Kim has connections to Harvard and experience heading another Ivy League university. Kim, who holds a M.D. and a Ph.D. in anthropology from Harvard, chaired a Harvard Medical School department, led another department at the Harvard-affiliated Brigham and Women’s Hospital, and directed a research center at the School of Public Health. University presidential search committees have historically preferred candidates with Harvard credentials; the 2001 search committee passed over several top contenders for their lack of a Harvard degree.

Kim also has ties to prominent Harvard faculty. In 1987, he helped found the global health organization Partners in Health along with University professor Paul Farmer, who chairs Harvard’s department of Global Health and Social Medicine.

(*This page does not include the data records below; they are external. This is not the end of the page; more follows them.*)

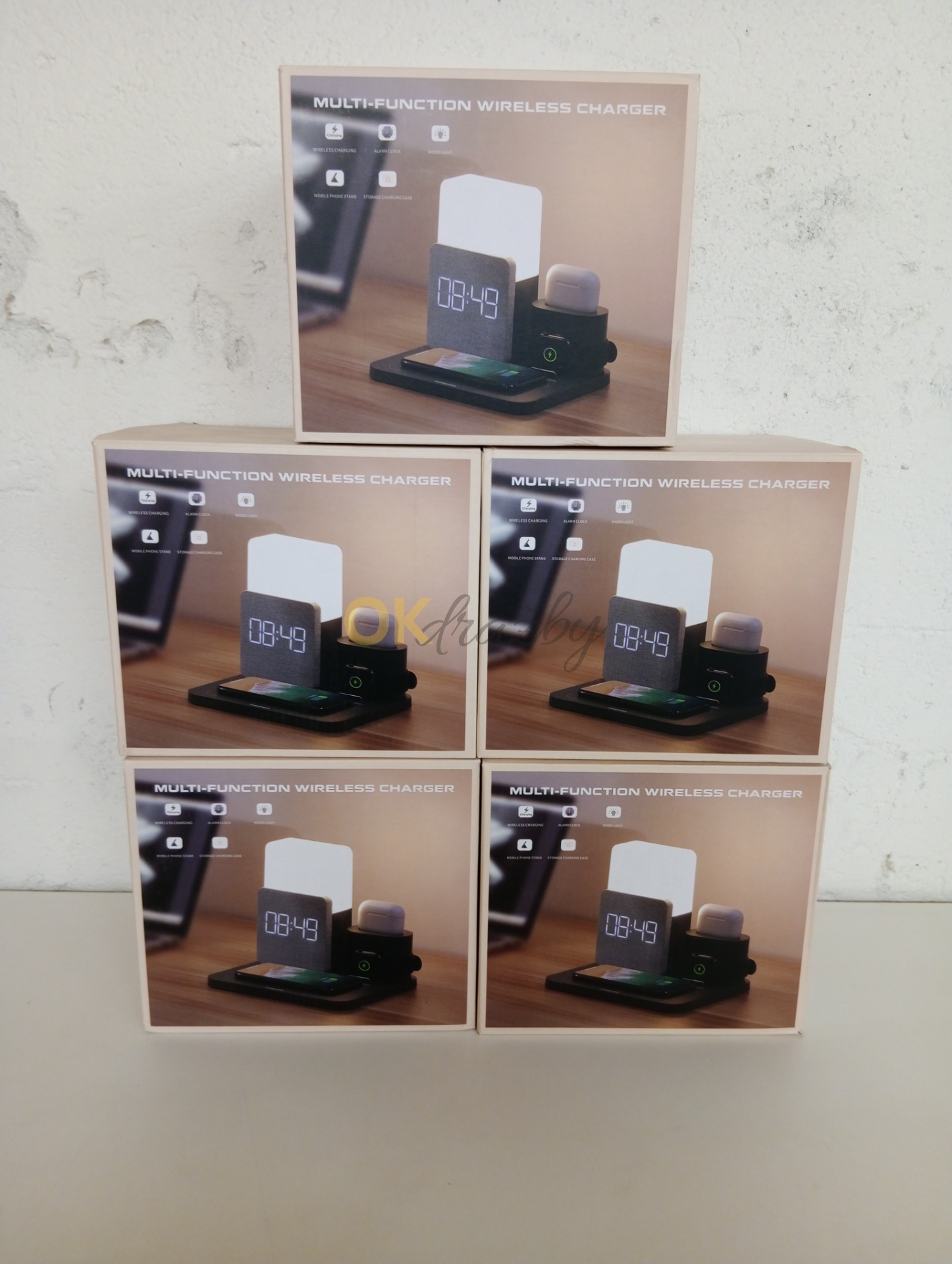 Multifunkční bezdrátová nabíječka ANOLE 3v1 s digitálním budíkem, vhodné pro Apple Watch, chytré hodinky, AirPods, iPhone, Samsung, černá barva - 5 kusů
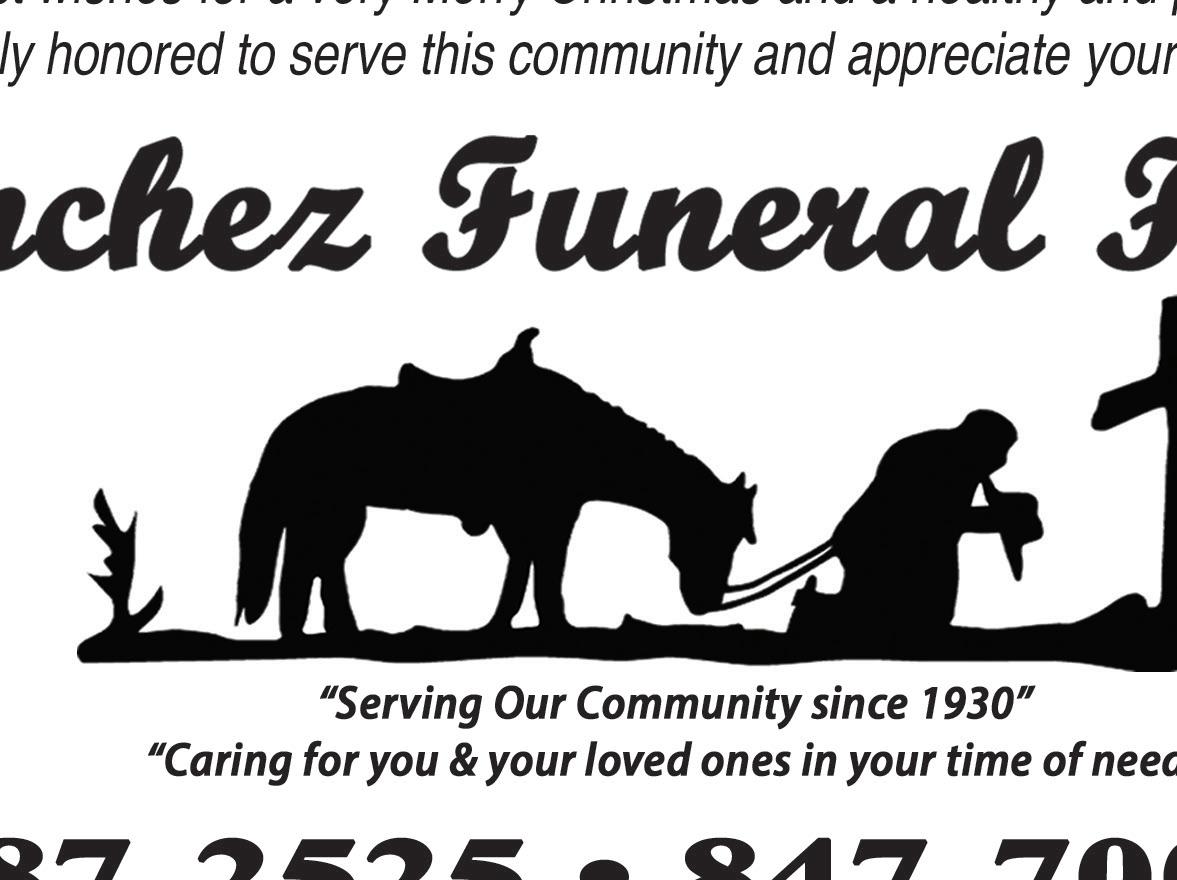 Sanchez (956) 487-2525 Funeral Home 301 E. 2nd. St. Rio Grande City, Tx. 78582 (956) 847-7008 Memorial Funeral Home 101 AR Sanchez Sr. Dr. Roma, Tx. 78584 “Serving Our Community For Over 86 Years” “Caring for you & your loved ones in your time of need ” $2,900.00 FULL FUNERAL SERVICE CALL JEFF OR SONATA SANCHEZ WITH SILVER METAL CASKET Sanchez
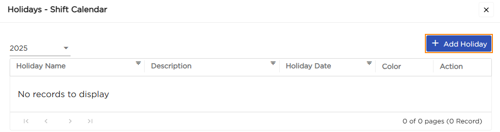 2. Select Add/View Holidays. The Holidays page opens and displays the selected year.
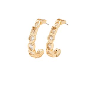 Made for holiday parties, our Shine Bright Hoop Earrings shimmer and shine with cubic zirconia crystals set in 18kt matte gold plated hoops. Pierced.
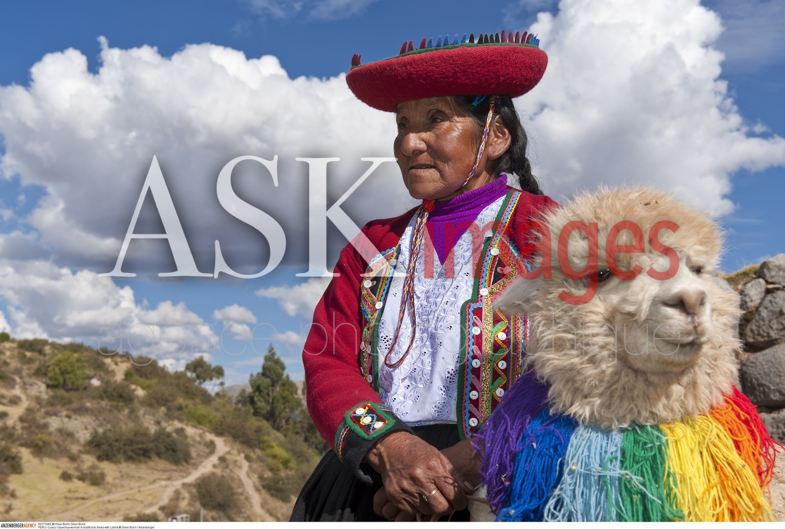 | Description | PERU / Cusco / Quechua woman in traditional dress with Llama..© Oliver Bolch / Anzenberger |
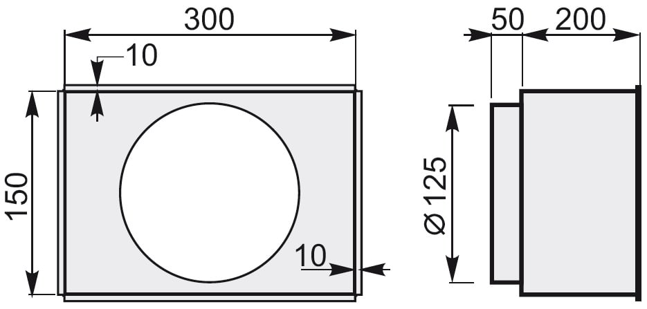 Raccordo da applicare a parete tra griglia esterna e prodotto o tubi con terminali Ø 125 mm.
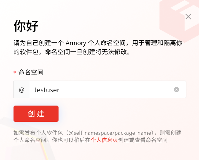 未创建个人命名空间:将进入 Armory 欢迎页。您需要设置个人命名空间名称(默认与用户名一致,可根据需要修改),单击创建后完成初始化并进入主界面。
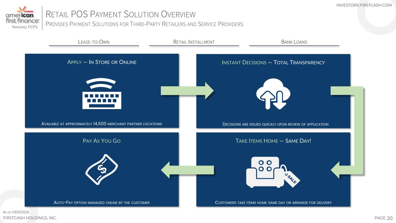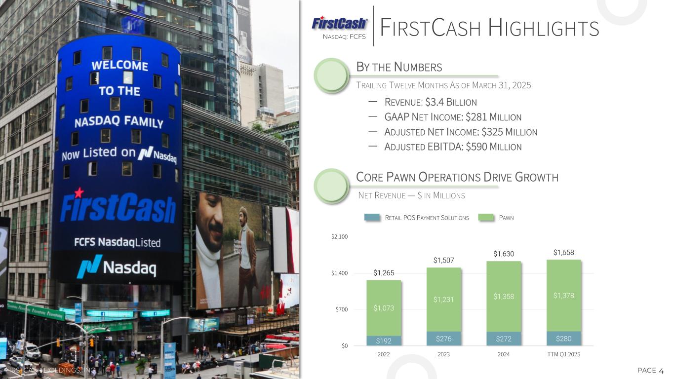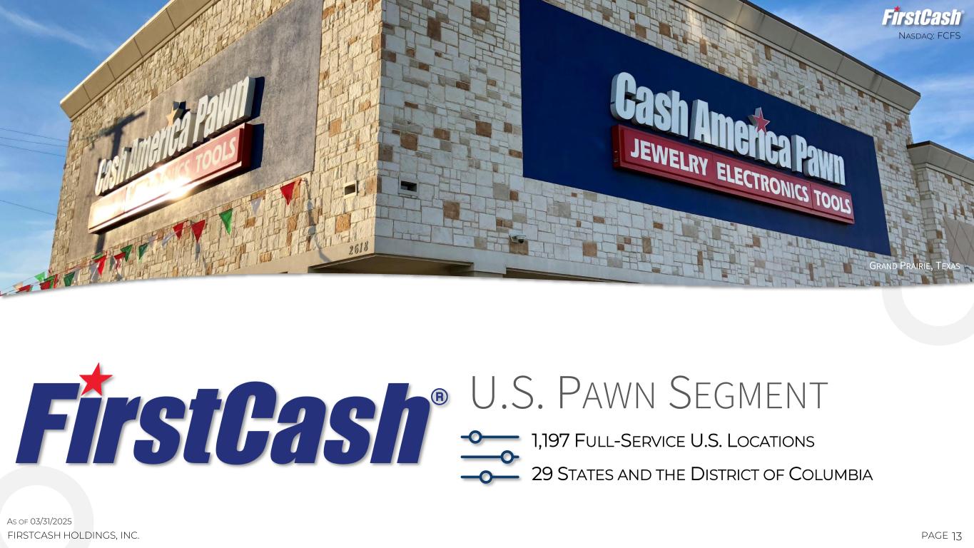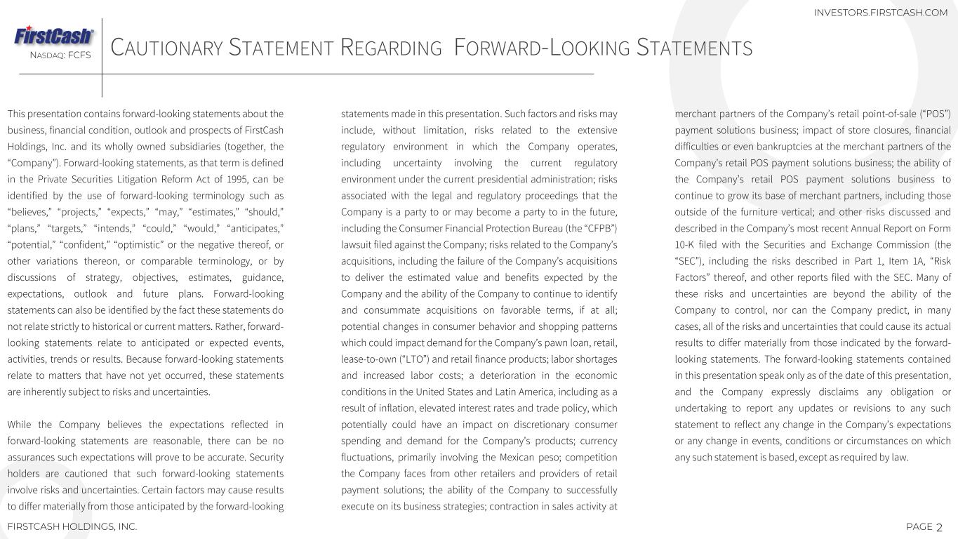 This presentation contains forward-looking statements about the business, financial condition, outlook and prospects of FirstCash Holdings, Inc. and its wholly owned subsidiaries (together, the “Company”). Forward-looking statements, as that term is defined in the Private Securities Litigation Reform Act of 1995, can be identified by the use of forward-looking terminology such as “believes,” “projects,” “expects,” “may,” “estimates,” “should,” “plans,” “targets,” “intends,” “could,” “would,” “anticipates,” “potential,” “confident,” “optimistic” or the negative thereof, or other variations thereon, or comparable terminology, or by discussions of strategy, objectives, estimates, guidance, expectations, outlook and future plans. Forward-looking statements can also be identified by the fact these statements do not relate strictly to historical or current matters. Rather, forward- looking statements relate to anticipated or expected events, activities, trends or results. Because forward-looking statements relate to matters that have not yet occurred, these statements are inherently subject to risks and uncertainties. While the Company believes the expectations reflected in forward-looking statements are reasonable, there can be no assurances such expectations will prove to be accurate. Security holders are cautioned that such forward-looking statements involve risks and uncertainties. Certain factors may cause results to differ materially from those anticipated by the forward-looking statements made in this presentation. Such factors and risks may include, without limitation, risks related to the extensive regulatory environment in which the Company operates, including uncertainty involving the current regulatory environment under the current presidential administration; risks associated with the legal and regulatory proceedings that the Company is a party to or may become a party to in the future, including the Consumer Financial Protection Bureau (the “CFPB”) lawsuit filed against the Company; risks related to the Company’s acquisitions, including the failure of the Company’s acquisitions to deliver the estimated value and benefits expected by the Company and the ability of the Company to continue to identify and consummate acquisitions on favorable terms, if at all; potential changes in consumer behavior and shopping patterns which could impact demand for the Company’s pawn loan, retail, lease-to-own (“LTO”) and retail finance products; labor shortages and increased labor costs; a deterioration in the economic conditions in the United States and Latin America, including as a result of inflation, elevated interest rates and trade policy, which potentially could have an impact on discretionary consumer spending and demand for the Company’s products; currency fluctuations, primarily involving the Mexican peso; competition the Company faces from other retailers and providers of retail payment solutions; the ability of the Company to successfully execute on its business strategies; contraction in sales activity at merchant partners of the Company’s retail point-of-sale (“POS”) payment solutions business; impact of store closures, financial difficulties or even bankruptcies at the merchant partners of the Company’s retail POS payment solutions business; the ability of the Company’s retail POS payment solutions business to continue to grow its base of merchant partners, including those outside of the furniture vertical; and other risks discussed and described in the Company’s most recent Annual Report on Form 10-K filed with the Securities and Exchange Commission (the “SEC”), including the risks described in Part 1, Item 1A, “Risk Factors” thereof, and other reports filed with the SEC. Many of these risks and uncertainties are beyond the ability of the Company to control, nor can the Company predict, in many cases, all of the risks and uncertainties that could cause its actual results to differ materially from those indicated by the forward- looking statements. The forward-looking statements contained in this presentation speak only as of the date of this presentation, and the Company expressly disclaims any obligation or undertaking to report any updates or revisions to any such statement to reflect any change in the Company’s expectations or any change in events, conditions or circumstances on which any such statement is based, except as required by law. 2PAGE CAUTIONARY STATEMENT REGARDING FORWARD-LOOKING STATEMENTSNASDAQ: FCFS FIRSTCASH HOLDINGS, INC. INVESTORS.FIRSTCASH.COM
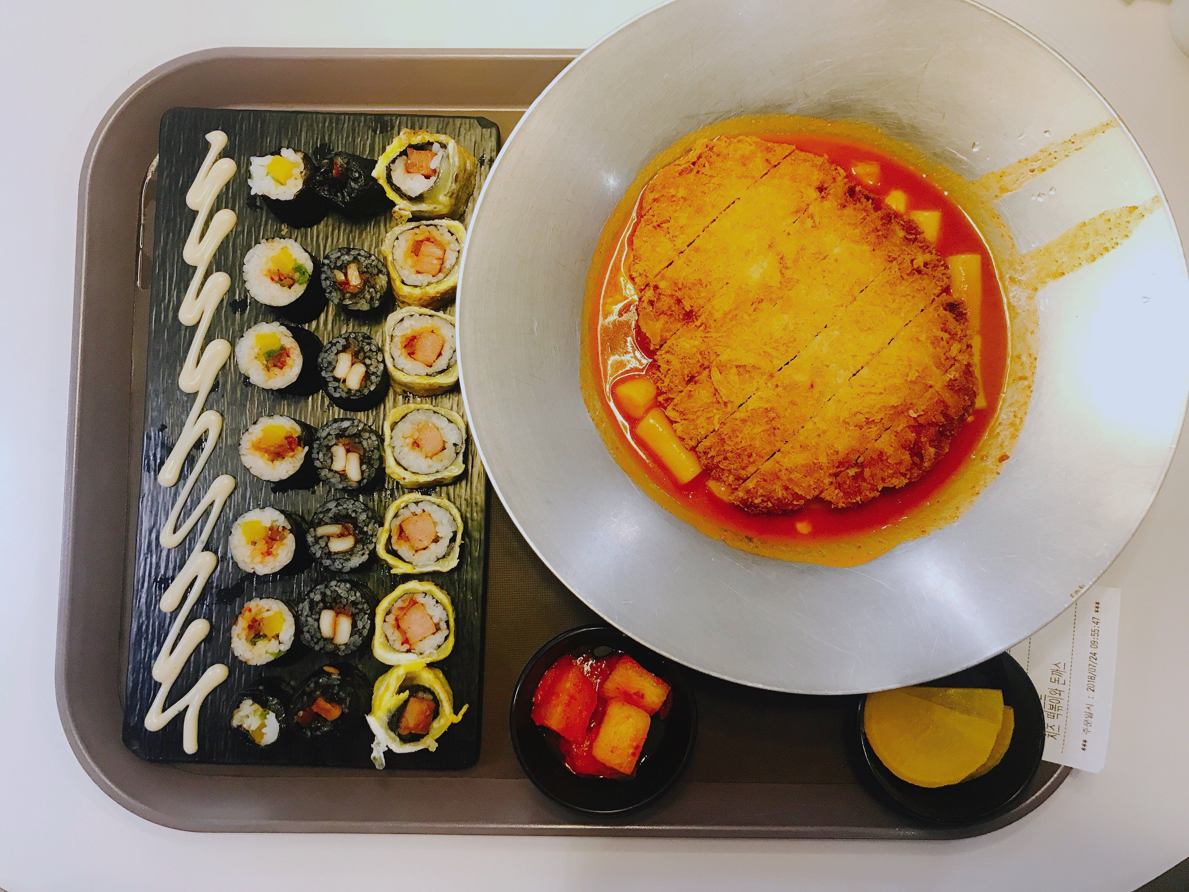 처음엔 진짜 간단하게 떡볶이를 먹으려고 했다. 하지만 돈가스 떡볶이라는 훌륭한 메뉴가 보이는 게 아닌가. 김밥도 고르지 못할거라면 다 시키는 게 아주 옳은 방법이다. 아무렴. 포크를 집으면서 전날 밤까지 새 놓고 이걸 먹을 수 있을까 하며 시작해 놓고는, 생각보다 잘 들어가네 하며 그릇을 싹 비웠다. 예전에도 이랬던 적이 몇 번 있던 것 같은데. 결국 늦도록 떡볶이를 먹다가 면세점 쇼핑은 하는둥 마는둥 하고는 바로 비행기를 탔다.

When Kim took on the Dartmouth presidency in August 2009, he became the first Asian-American to hold the top job at an Ivy League school. During his time in Hanover, N.H., Kim revamped Dartmouth’s global health-related programs and oversaw efforts to better educate students on sexual assault prevention.

But his tenure at Dartmouth was not without controversy. He drew criticism from students and faculty when he declined to release the school’s budget in 2010. And when he left for the World Bank in 2012, some argued his departure from Dartmouth after roughly three years demonstrated a lack of commitment to the university.

Though sources say Kim has discussed the possibility of the Harvard presidency in private, the World Bank leader wrote in a recent memo to colleagues that he plans to stay in his current role.

In a new year’s note to World Bank staff earlier this month, Kim wrote he would continue to further the organization’s mission of alleviating poverty and that he and his colleagues were “in this for the long haul.”

“I look forward to supporting all of you as we continue that mission, in 2018, and in the years to come,” he wrote.

Nonetheless, some of Kim’s former Medical School colleagues said they think he would be an excellent University president. John G. Meara, a professor of Global Health and Social Medicine, wrote in an email in January that he thinks Kim has the “courage” to make the difficult changes and decisions that any large university may need.

Megan Murray, an Epidemiology professor who overlapped with Kim at the Medical School, agreed.

“Harvard needs someone with respected academic credentials as well as high level management and financial experience and that special combination of confidence and tact that characterizes effective leadership. I think Jim has all that and more,” Murray wrote in an email earlier this month.

“I think he would be a great choice—and he should be what Harvard is looking for,” she wrote.